# Least amount of structure on a set to define a series on it

1. Aug 26, 2014

### V0ODO0CH1LD

I know I can define a sequence on a set $X$ as a function $a:T\rightarrow{}X$, where $T$ is a countable totally ordered set. But what about series? Can I define a series as a function $\omega{}:a\rightarrow{}A$, where $A\in{}X$? Or is this too general to be a series? Do I need to define an operation on $X$ so that I can "add" the terms of the sequence?

2. Aug 26, 2014

### mathman

For a sequence to become a series you need addition to be defined.

3. Aug 26, 2014

### V0ODO0CH1LD

So I've been looking into it and I think that might not be the case. As far as I understood it series (over a set $X$?) behave like elements of a free abelian group or free Z-module with basis $X$. So that even if there's no operation defined on $X$ I can define series over it. I don't get why does the set of all series over a set $X$ needs to have all properties of a free abelian group. So I am still confused.. Slightly less then before though!

4. Aug 27, 2014

### pwsnafu

You really want the notion of net not sequence. It has the same properties but only needs a directed set.

5. Aug 27, 2014

### V0ODO0CH1LD

I though nets generalized sequences not series.

6. Aug 27, 2014

### mathman

An Abelian group (or Z module) has an addition operation (by definition).

7. Aug 27, 2014

### WWGD

If you want an infinite series, you need to define a topology so you can talk about convergence, together with the notion of sum you referred to.

8. Aug 27, 2014

### WWGD

A series is a sequence of partial sums.

9. Aug 27, 2014

### V0ODO0CH1LD

If you want to talk about convergence of a sequence or series you need the sequence or series to be defined on a topological space, but I don't need the notion of convergence to define sequence and series.

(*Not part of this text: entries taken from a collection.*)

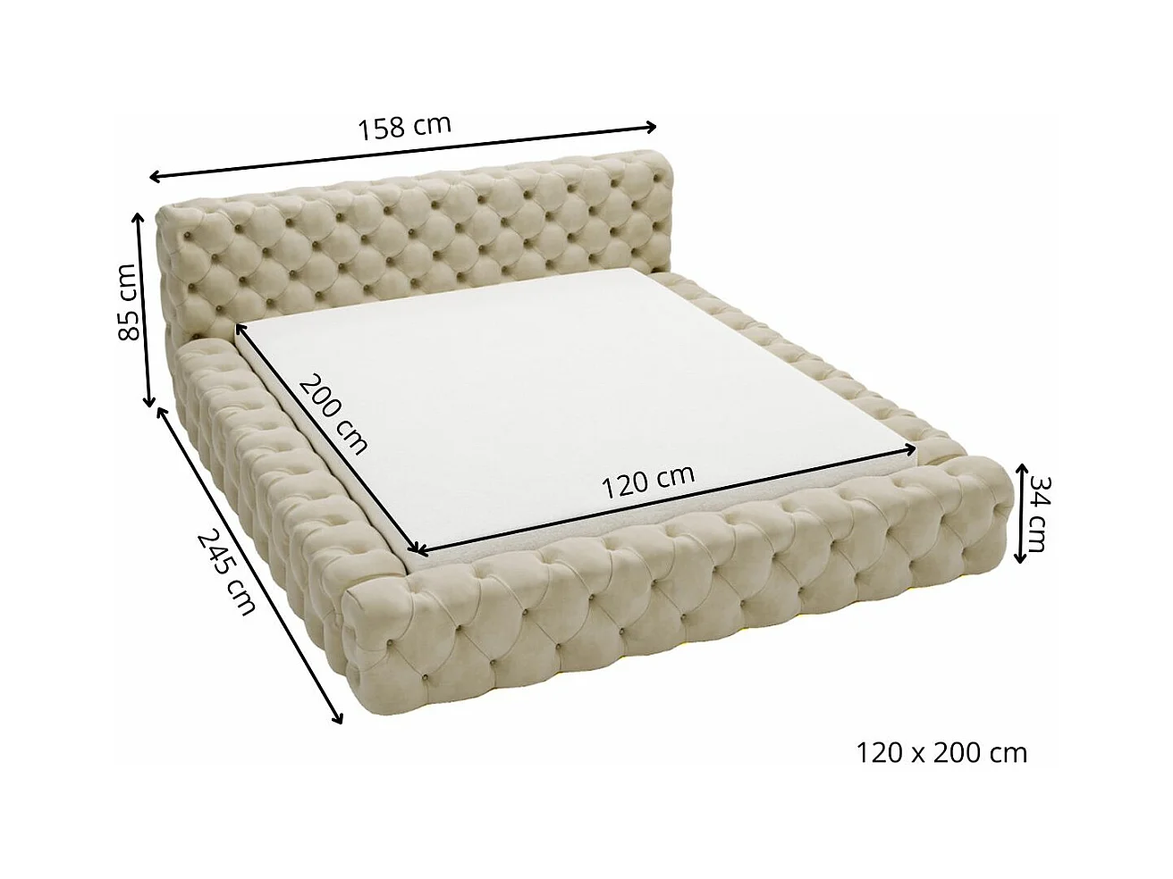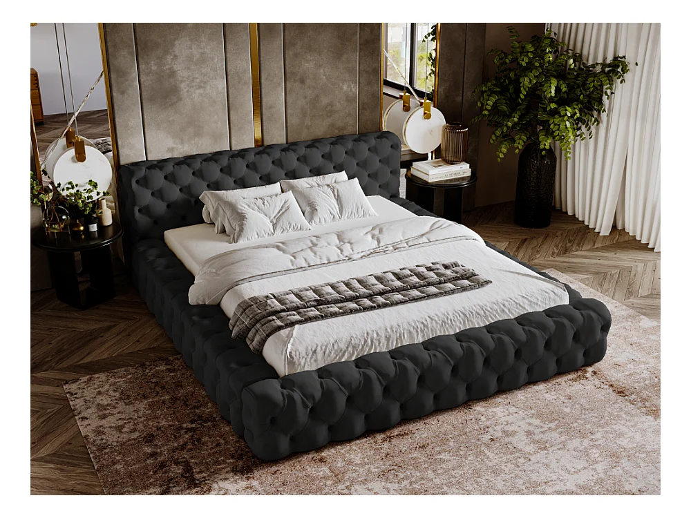 Polsterbett mit Bettkasten - 120 x 200 - Samtstoff - Schwarz - Bett mit Lattenrost - ARMANI BIS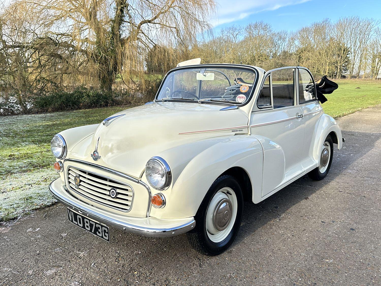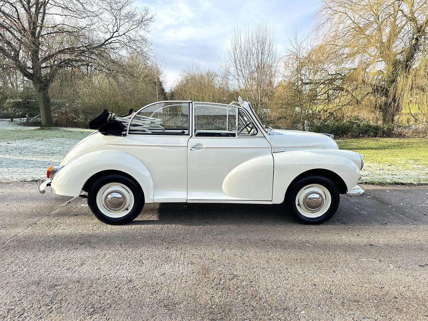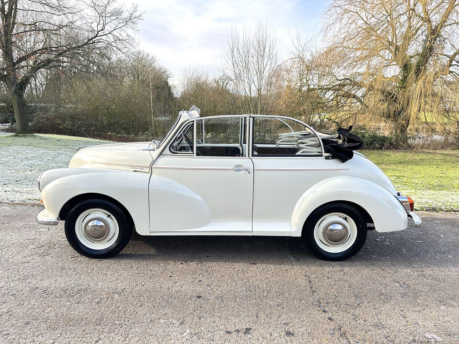 Now with us here at RFH Classics we have this 1968 Morris Minor 1098cc Convertible, or often referred to as a Tourer. Finished in the very period colour of Snowberry White the car has a contrasting Black interior and is enhanced further with the recently fitted Mohair roof that is in excellent condition. We will have to follow the Mohair cover for the roof when folded. This genuine Morris Tourer, complete with the correct factory strengtheners is in excellent order and has undergone an extensive program of restoration and refurbishment. The bodywork is in superb condition with excellent paintwork and very good panel gaps. While the drivers door alignment could be slightly improved, it is a minor point that will be addressed prior to sale but is not something that detracts from the overall condition.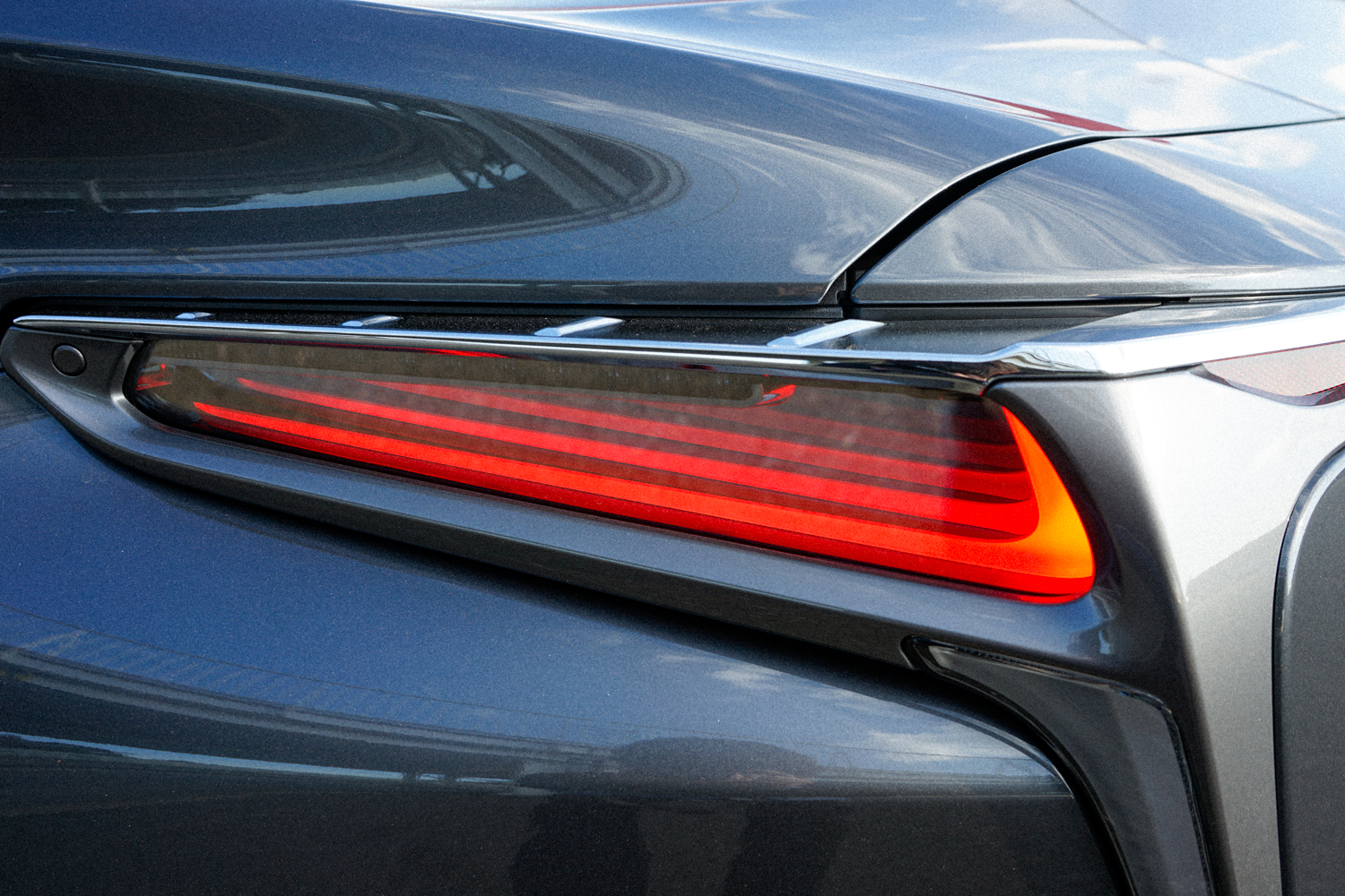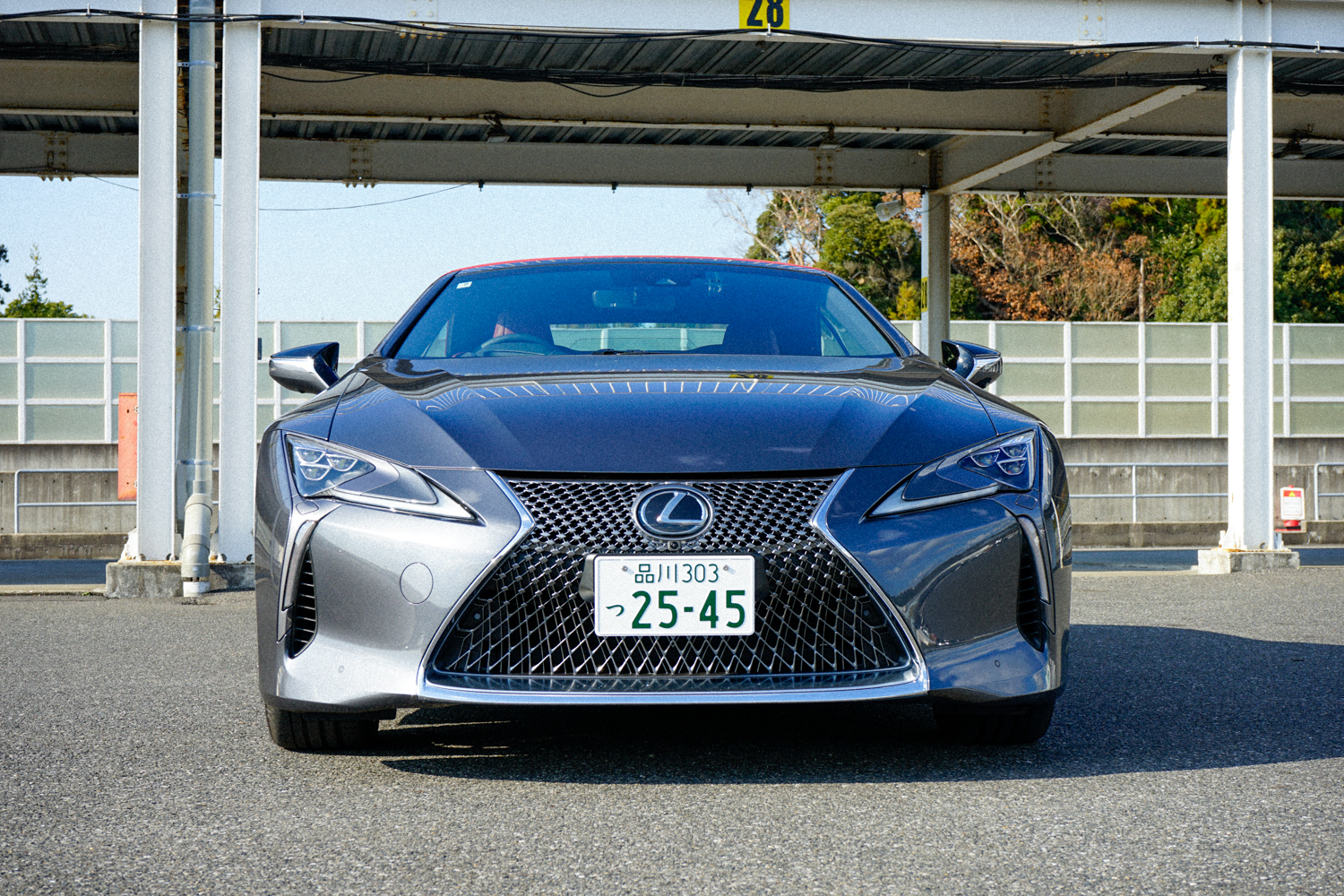 12年の北米国際自動車ショーで初公開したコンセプトカー“LF-LC”をベースにしたエクステリアは、同コンセプトモデルのイメージをほとんどそのままに市販化された稀有なデザインで、発売以来、刷新は1度も行われなかった。全長4770mm、全幅1920mmの堂々としたサイズに2+2レイアウトを贅沢に収め、ワイド&ロー、ロングノーズ・ショートデッキの伝統的なクーペスタイルを踏襲。目尻を吊り上げたヘッドライトから涙のように伸びる造形や、合わせ鏡の原理を利用したテールライトなどの細部の意匠が、発売から9年たった今でも新鮮に映る。フロントに大きく空いた“スピンドルグリル”も一世代前のデザインアイデンティティーだが古さを感じさせず、顔つきに威風堂々としたムードを加えている。

Sure, but the Z-module is the set of series over a set not the set itself. That means I can sum series to each other and get a third series, but addition for the terms of the series is still not required.

But I am fine with the generalization of sequences on a set as functions from countable totally ordered sets to that set.. My question is regarding generalizations of series given that definition of sequences not about generalization sequences into nets.

My question is: If I have a sequence $a:\mathbb{N}\rightarrow{}X$ and a function $\sigma:X^\mathbb{N}\rightarrow{}Z$ defined as
$$\sigma:a\mapsto\sum_{n=0}^\infty{}a(n)$$
that maps a sequence in $X$ to an infinite series in $X$, why does the set $Z$ have to be a free Z-module? (note: notice that the set $X$ does not have to be a semigroup with addition defined on it or a topological space).

10. Aug 28, 2014

### pwsnafu

I'm pretty sure you don't need abelian. A semigroup seems strong enough.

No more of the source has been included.